I need some easy and cheap recipe idea's suitable for adults and kids.
I have four children and they all like differant things :roll: 
So if you have any ideas I could pinch I would appreciate it muchly 

Cheers


----------



## Demi (Feb 14, 2009)

Oooo I'l ask my brother,hes into all this cooking stuff


----------



## SarahC (Oct 3, 2008)

sainsburys do free recipe cards situated near the checkouts,all cheap ish and easy.


----------



## Effy (Dec 30, 2008)

I'm not much help with cooking...as I don't know many things, but here's a couple I do know, which probably are no good, but I like them. :lol:

Stuffed peppers, the cheats way!
You can use any colour peppers and normal OR sweet potatoes, depending on likes and dislikes. My mother doesn't like sweet potato with red peppers, because it's all too sweet, but that's the best way IMO. ;D

-pepper
-potato
-stuff you want in it! (I use onion & mushrooms mainly)
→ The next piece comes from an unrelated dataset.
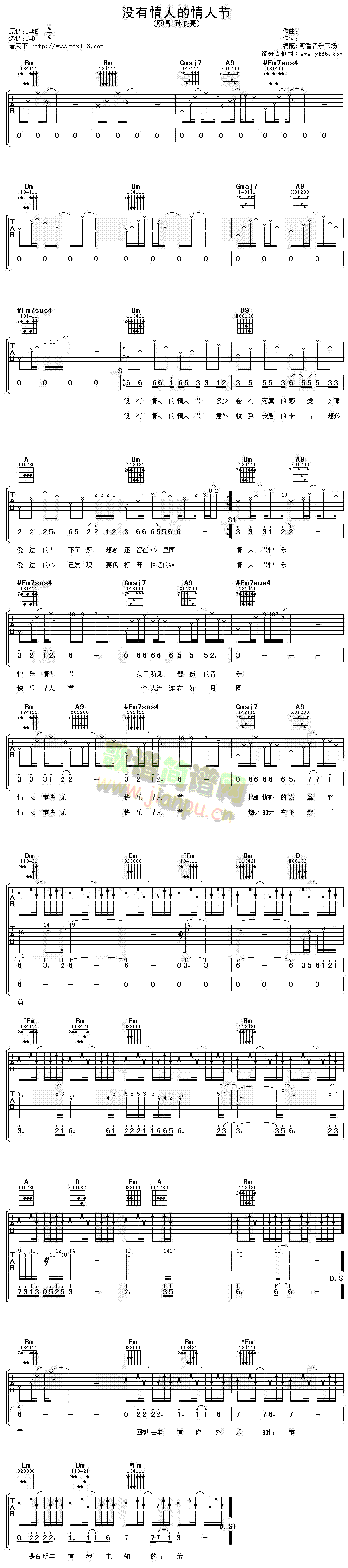 [吉他谱]没有情人的情人节 孙晓亮

->Prepare the extra things you have (chop onions, clean mushrooms)
->Start cooking these (fry onions and mushrooms)
->Pierce the potato, either all over the place, or a big stab right through the middle
->Microwave this...until...done
->Scoop the crud out of the pepper
->Blanche pepper
->Peel potato
->Mix potato and extra things together and stuff in pepper.

Also, there's just pastas...you have your pasta (whatever kind, shells, spaghetti, whatever) veg (I always have an onion, 2 cloves garlic, cauliflower, sweetcorn, peas, broccoli,...you can have WHATEVER is liked in the house) and whatever meat you want (Well...beef and pork wouldn't really go with this I don't think, but chicken, turkey and tuna have been fabulous so far) and for the sauce, 2 tins of peeled plum tomatoes and mayo or cream cheese.

...I won't tell you how to do that one step by step, because you basically just cook everything normally and mix it all together...simples. Mush the tomatoes up and take out the stalky bits, mix in the creamy stuff until it tastes nice, add some mixed herbs if you want.

I also like 'making pizza'. I either toast breadcakes and put cheese and toppings on, or buy a cheesy frozen pizza, scrape the cheese off, add toppings and put the cheese back on...then cook as it says to. Then you can add whatever people like, you know it's got fresh things on it, but it's still convenient and easy. =]

You'd think I could help more, having done this in college for a year. :roll:


----------



## Kage Davies (Dec 21, 2008)

El studente does not recommend bonjella sandwhiches.

Sorreh. I eat very expensively for a student XD. I will ask my friend when I go home for Easter, however. As a single mother of two she has quite a low budget recipe book :3.


----------